His announcement of the referendum drew objections from Germany and other staunchly pro-E.U. governments, including the Obama administration.

But still, other countries also have doubts. The Finns have put Eurosceptic forces in power recently. Prime Minister Viktor Orban of Hungary has angered many pro-E.U. commentators with a new constitution that some see as undemocratic. Such criticism is partly justified, and Orban’s government has introduced changes to respond. 

Yet the volume of vitriol aimed at Orban seems to stem in part from his open rejection of the dominance of Brussels. That rejection brings charges of nationalism (and he indeed attracts some unsavory, right-wing populist supporters as well). 

Some of the reaction to Orban outside Hungary may be sharpened by the reference to Christian roots in the new constitution’s preamble – a striking contrast to the refusal of the drafters of the failed E.U. constitution a few years back to include Christianity among the sources of contemporary Europe. 

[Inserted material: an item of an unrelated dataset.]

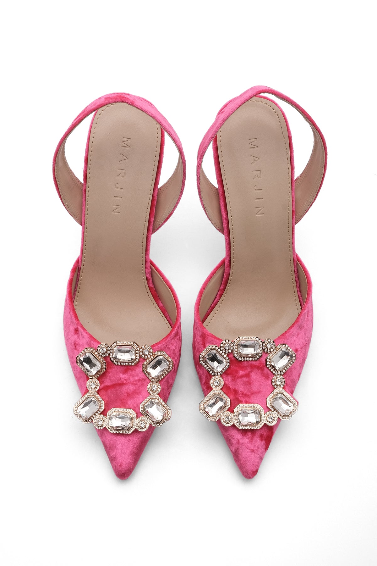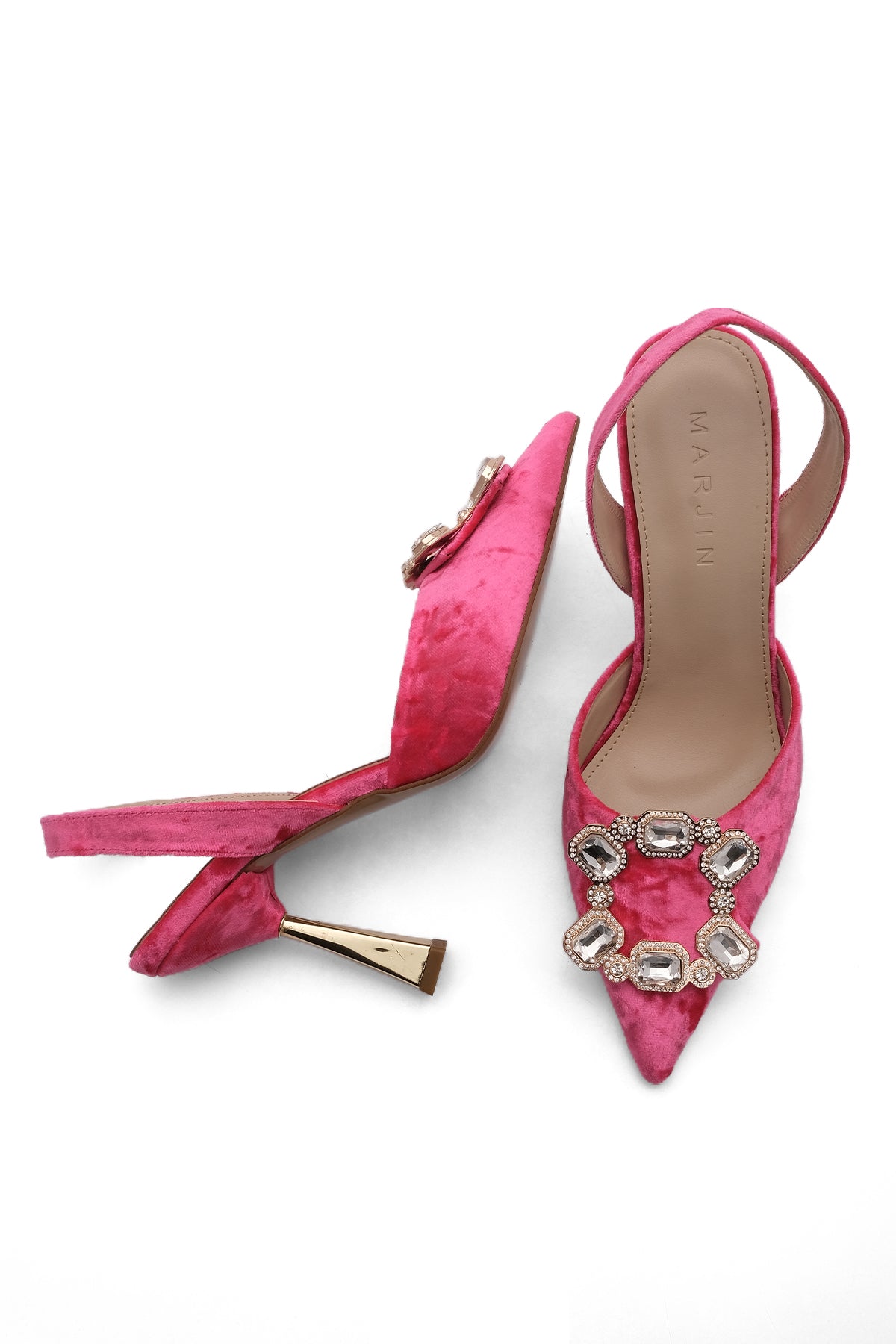 Kadın Taşlı Abiye Topuklu Ayakkabı Basivra - Fuşya Kadife

The core principle at stake is that of subsidiarity. According to this vital Catholic teaching, all questions should be decided at the lowest possible level of community. This assuredly does not rule out national governments and international organizations.  It accepts the need for higher authority (for example, a pope) where local entities cannot competently handle a problem.  But it constrains impositions from above, and the European Union claims to accept the principle. 

The reaction to the growth of E.U. authority in the United Kingdom and elsewhere is, in effect, an assertion that subsidiarity is being violated.  “We are simply asking to have our own rightful power back,” many people seem to be saying.

This debate suggests that as strong as the elite-driven centralizing forces have been in the E.U. for decades, there are strong decentralizing forces at work today.

This holds lessons for the United States. The American Founders, through arduous compromise, devised a system of federal government strong enough to do what was necessary for the common good while reserving many powers to the states – in its way, a system of sensible, prudent subsidiarity. That balance has changed substantially, especially since the beginning of the progressive era with Teddy Roosevelt and, in a different vein, Woodrow Wilson. 

The founders knew from study of democratic experiments since ancient times that their arrangements were fragile, vulnerable to all the dangers by which ordered liberty might give way to oligarchy and mobocracy.

As is happening in Europe, considerations of subsidiarity in this country can force a critical discussion of the basic purposes and forms of government.

We cannot go back to the very different place that was the United States of 1789.  But a modern centralized state that rejects subsidiarity is unjust. That injustice should move us to restore subsidiarity to our political arrangements.

Joseph Wood is an itinerant philosopher and easily accessible hermit affiliated with Cana Academy, Walsh University, The Catholic University of America, and the University of Notre Dame Australia, none of which bears any responsibility for his errors or missteps.